Abertura da feira em 1º de maio
O ponto alto do intercâmbio foi a participação de representantes da Rede de Sementes do Xingu, que envolve povos indígenas, agricultores familiares e coletores urbanos em mais de 20 municípios do Estado do Mato Grosso. O trabalho da rede é uma das iniciativas mais duradouras e bem sucedidas do país e tem contribuído para a recuperação das nascentes e matas ciliares no entorno do Parque Indígena do Xingu. O intercâmbio se fortaleceu com a visita do povo Yanomami da região do Ajarani, que vive um momento de valorização das roças e participou pela primeira vez de um evento de troca de sementes, e também do povo indígena Tingui-Botó, de Alagoas, representando a Articulação dos Povos e Organizações Indígenas do Nordeste, Minas Gerais e Espírito Santo (Apoinme).
Agricultura é prioridade no resgate da diversidade
A agricultura vem se tornando um tema prioritário no trabalho da Hutukara Associação Yanomami (HAY) e do ISA junto às comunidades da região do Ajarani, pois, nos últimos anos, tem se observado uma importante perda na diversidade e na produtividade dos roçados da região. Resultado tanto do processo de sedentarização forçada, induzido pelos serviços do Estado (saúde, educação, benefícios sociais etc.), quanto da desestruturação social provocada pela abertura da Perimetral Norte, que promoveu uma grande baixa demográfica na região, e a morte da maioria dos velhos desse grupo (saiba mais).

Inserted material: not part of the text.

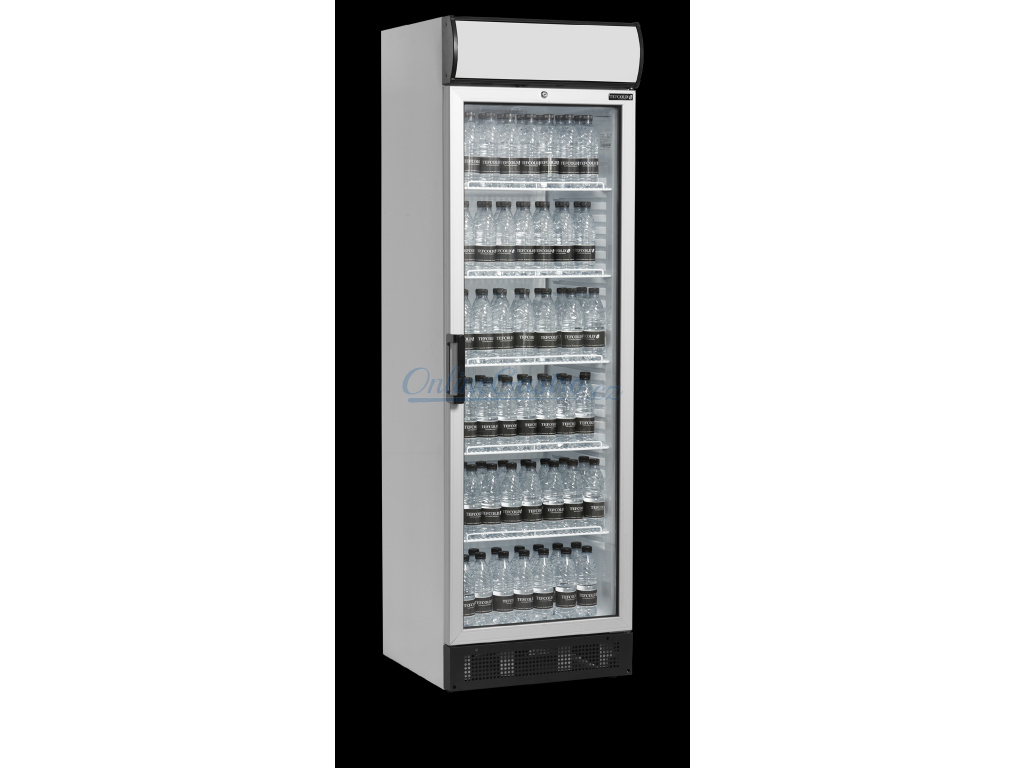 je jednodveřová gastro lednice s prosklenými dveřmi a čistým objemem 347 litrů, ideální pro vystavení nápojů i balených potravin v prodejnách, barech nebo menších gastro provozech. Díky velkému LED reklamnímu panelu umístěnému v horní části navíc nabízí možnost efektivní propagace značky či produktů přímo na místě prodeje. Uvnitř je k dispozici 5 nastavitelných roštových polic s vysokou nosností až 196 kg/m², takže vitrínu lze snadno přizpůsobit různým druhům balení od plechovek po PET lahve. Vnitřní LED osvětlení zajišťuje atraktivní prezentaci obsahu a láká zákazníky k nákupu. Chladicí systém s pomocným ventilátorem udržuje rovnoměrnou teplotu v celém prostoru, což zaručuje ideální podmínky pro skladování a prodej nápojů.

De modo geral, a agricultura yanomami é bastante sofisticada e de alta produtividade, e depende fundamentalmente da mudança dos sítios agrícolas a cada cinco anos, pelo menos. Assim, a perda de mobilidade territorial induzida pela rigidez dos sistemas de saúde e educação, tem impactado negativamente na produção agrícola, levando muitos dos sítios agrícolas a quase exaustão e ao aumento da dependência de alimentos vindos da cidade.
Barracas exibiam sementes e incentivavam a trocaNo que diz respeito à diversidade, estudos dão conta de que nos roçados Yanomami são cultivadas em média uma centena de variedades de aproximadamente 40 espécies vegetais (Para se ter uma ideia, somente nas roças da comunidade Watorikɨ foram identificadas 12 variedades de banana, sete de mandioca, cinco de batata-doce, quatro de pupunha, duas de cará, duas de taioba, duas de milho e duas de cana-de-açúcar. Já nas comunidades do Ajarani a situação atual é diferente. Devido às perdas na transmissão de conhecimentos entre as gerações e ao impacto econômico da Perimetral Norte, um levantamento realizado este ano identificou apenas 20 variedades de cultivares, sendo poucos os roçados que apresentam mais de três culturas, a grande maioria possui apenas mandioca, macaxeira e banana, e um ou outro possuem, de maneira dispersa, batata-doce, feijão, milho ou jerimum.
A participação dos Yawaripë, grupo yanomami da região do Ajarani, na feira de sementes, foi importante para estimular a reflexão sobre a relevância da agrobiodiversidade e dos saberes relacionados à agricultura e, da mesma forma, para incrementar, por meio da troca de sementes e mudas com outros povos, a diversidade de suas roças. Ao final da feira os Yanomami puderam voltar para as suas comunidades com 12 tipos diferentes de maniva, três tipos de milho, dois tipos de batata, cará e uma grande variedade de outras sementes.
Mais de 30 variedades de maniva de mandioca foram levadas à feira
Dias antes da feira, os Yanomami participaram também de um intercâmbio na comunidade Guariba, TI Araçá, dos povos Macuxi e Wapichana. Na oportunidade a comitiva yanomami e alguns moradores e lideranças do Guariba, puderam trocar experiências e saberes sobre práticas agrícolas e o manejo de roças no Lavrado e na Floresta, discutindo os aspectos comuns e as principais diferenças. A viagem foi também uma visita de cortesia já que a comunidade Guariba doou, em março desse ano, cerca de 30 litros de sementes de milho criolo para o Ajarani.